1. The RGB-D image characteristic collaborative fusion method based on transfer learning and width learning is characterized by comprising the following steps: S1, acquiring an RGB-D data set from a public data set; S2, constructing ResNet neural networks, performing preliminary training on a dataset ImageNet to obtain ResNet neural networks for the preliminary training, and storing the ResNet neural networks; S3, performing fine adjustment on the ResNet neural network obtained through preliminary training on an RGB-D data set, removing the last layer of the neural network ResNet, and after data are input, respectively outputting a feature vector of an RGB image and a depth image in the network to obtain features of the two images; S4, based on the two feature vectors of the RGB image and the depth image in the step S3, respectively serving as two groups of variables without explicit correlation inputted by a typical correlation analysis CCA layer, maximizing a correlation coefficient between the two groups of variables, uniformly mapping the two groups of variables onto a feature space generated by CCA for learning, and taking a parallel matrix as a fusion feature according to a CCA feature fusion strategy to realize fusion dimension reduction of the feature; and S5, generating feature nodes and enhancement nodes by utilizing width learning based on the fusion features in the step S4, and obtaining a final classification recognition result by utilizing generalized inverse of ridge regression.
2. The collaborative fusion method of RGB-D image features based on transfer learning and width learning according to claim 1, wherein in step S1, the specific process is that each object is placed on a turntable, a complete rotation period of the turntable is recorded by using a 3D camera, each object comprises 3 video sequences, and the 3 video sequences are recorded on cameras with different heights respectively, so that RGB images and depth images with different visual angles and under different illumination conditions can be obtained to form a data set.
3. The collaborative fusion method of RGB-D image features based on transfer learning and width learning according to claim 2, wherein in step S2, the neural network ResNet is a module composed of residual blocks, each module is composed of a plurality of residual blocks with the same number of output channels, and the construction process is that a PyTorch framework is adopted to construct the neural network ResNet.

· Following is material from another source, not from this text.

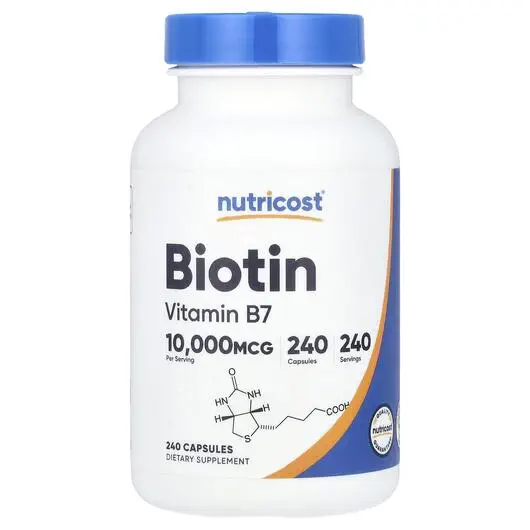 Nutricost, Biotin 10000 mcg, Вітамін B7 Біотин, 240 капсул

4. The RGB-D image feature collaborative fusion method based on transfer learning and width learning according to claim 3, wherein in step S2, the preliminary training is carried out by loading and storing the parameters ResNet of the publication which are trained on the dataset ImageNet.
5. The collaborative fusion method of RGB-D image features based on transfer learning and width learning according to claim 4, wherein in the step S3, after the network is trimmed, the last layer of the neural network ResNet is removed, after data is input, the RGB image and the depth image output a feature vector in the network respectively, and the output feature vector is subjected to average pooling and flattening operation.
6. The RGB-D image feature collaborative fusion method based on transfer learning and width learning according to claim 5, wherein in the step S4, the fusion of two sets of feature vectors is performed in such a way that the purpose of CCA is two sets of feature vectors And Find a pair of projection axes And Performing linear transformation to make linear combination And The correlation between the two is the largest.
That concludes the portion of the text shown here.